» MATERIAL PROVIDED
- - - -

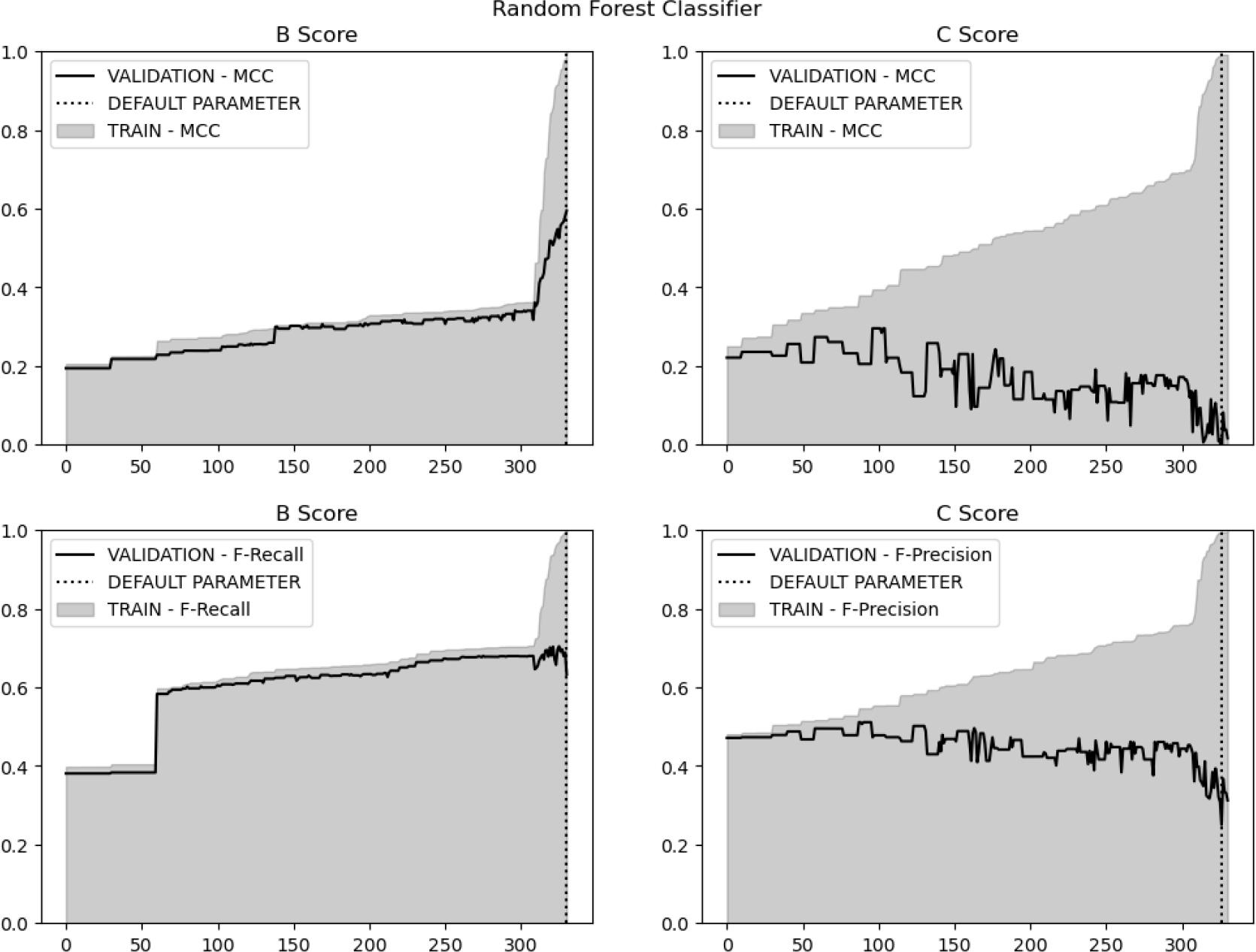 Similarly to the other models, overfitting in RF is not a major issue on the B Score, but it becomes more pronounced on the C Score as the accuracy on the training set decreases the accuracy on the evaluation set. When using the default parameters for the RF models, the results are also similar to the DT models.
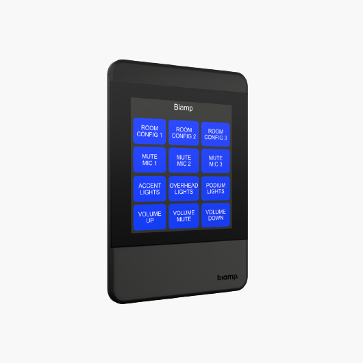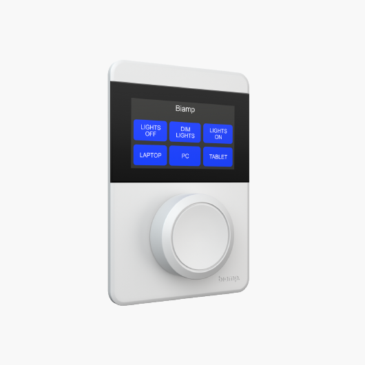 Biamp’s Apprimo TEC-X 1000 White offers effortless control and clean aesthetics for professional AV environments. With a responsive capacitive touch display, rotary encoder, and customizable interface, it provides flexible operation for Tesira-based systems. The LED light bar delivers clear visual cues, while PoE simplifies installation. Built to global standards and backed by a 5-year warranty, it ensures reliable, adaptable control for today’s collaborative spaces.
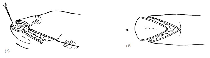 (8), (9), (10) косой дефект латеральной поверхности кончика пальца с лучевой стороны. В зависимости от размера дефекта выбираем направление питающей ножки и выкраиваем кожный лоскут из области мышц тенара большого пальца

- - - -

» PROMPT
Reproduce all of the data exactly, omitting each picture it holds.

» RESPONSE FOR THIS EXERCISE
 Similarly to the other models, overfitting in RF is not a major issue on the B Score, but it becomes more pronounced on the C Score as the accuracy on the training set decreases the accuracy on the evaluation set. When using the default parameters for the RF models, the results are also similar to the DT models.
 Biamp’s Apprimo TEC-X 1000 White offers effortless control and clean aesthetics for professional AV environments. With a responsive capacitive touch display, rotary encoder, and customizable interface, it provides flexible operation for Tesira-based systems. The LED light bar delivers clear visual cues, while PoE simplifies installation. Built to global standards and backed by a 5-year warranty, it ensures reliable, adaptable control for today’s collaborative spaces.
 (8), (9), (10) косой дефект латеральной поверхности кончика пальца с лучевой стороны. В зависимости от размера дефекта выбираем направление питающей ножки и выкраиваем кожный лоскут из области мышц тенара большого пальца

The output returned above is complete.